Only after you’ve hit 90% on your weak domain do you take a full practice exam.

Step 4: Master the question types that failed you.

Review your exam results. You’ll see breakdowns by question type: multiple choice, multiple select, drag-and-drop, hot spot, and case studies.

If you bombed multiple-select questions, you know the problem: selecting all correct answers, not partial credit. Practice those relentlessly.

If case studies destroyed you, you need to read 10 more case scenarios per week—complex, multi-step scenarios where one wrong assumption cascades through the whole answer.

What To Focus On (And What To Skip)

Focus on this:

  • Hands-on portal configuration (not reading about it)
  • Azure CLI commands with real syntax (not approximations)
  • The order of steps matters—get it wrong, the scenario fails
  • Networking scenarios: VPN connections, route tables, NSG rules
  • VM scenarios: sizing, scaling, availability, backup
  • Storage scenarios: tiers, replication, access tiers, lifecycle
  • Identity scenarios: role assignments, managed identities, conditional access

Skip this:

  • Theoretical deep-dives into how Azure’s backend works
  • Historical information about old Azure features
  • Edge cases that affect 0.1% of real jobs
  • Azure pricing (it won’t be on the exam in detail)
  • Services that aren’t in the AZ-104 exam blueprint (Kubernetes, Functions, Logic Apps—save those for other certs)

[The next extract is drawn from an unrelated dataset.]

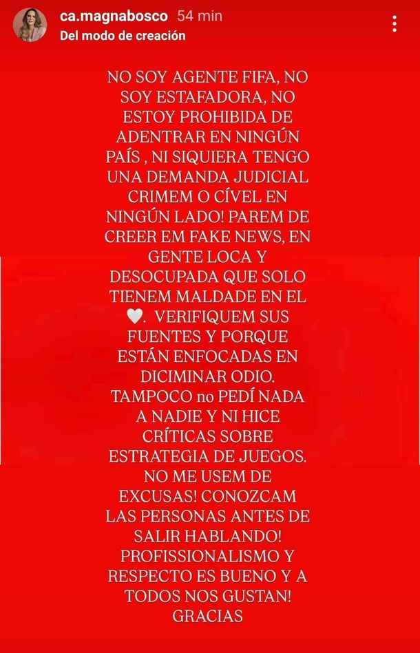Además, negó rotundamente cualquier vínculo con irregularidades: “No soy agente FIFA. No soy estafadora. No estoy prohibida de entrar en ningún país. Ni siquiera tengo una demanda judicial o civil en ningún lado. Paren de creer en Fake News”.

The exam blueprint is published by Microsoft. Get it. Cross-reference it with your weak domain. Study only what’s on the blueprint.

Your Next Move

Here’s what you do right now:

Tonight: Log into Microsoft Learn. Find the hands-on module for your weakest domain. Complete one exercise, actually configuring resources, not just reading. Screenshot your result.

This week: Spend one hour every day in the Azure Portal (free tier or sandbox environment) configuring real scenarios. Pick one domain. Master it.

Next week: Take a domain-specific practice test on that domain. Target 90%.

Week three: Take a full practice exam. Score above 720 before you schedule your retake.

That’s your plan. Not theory. Not motivation. Action.

Book your retake date right now. Put it on your calendar. The specificity forces accountability. Then get into the Portal and build something.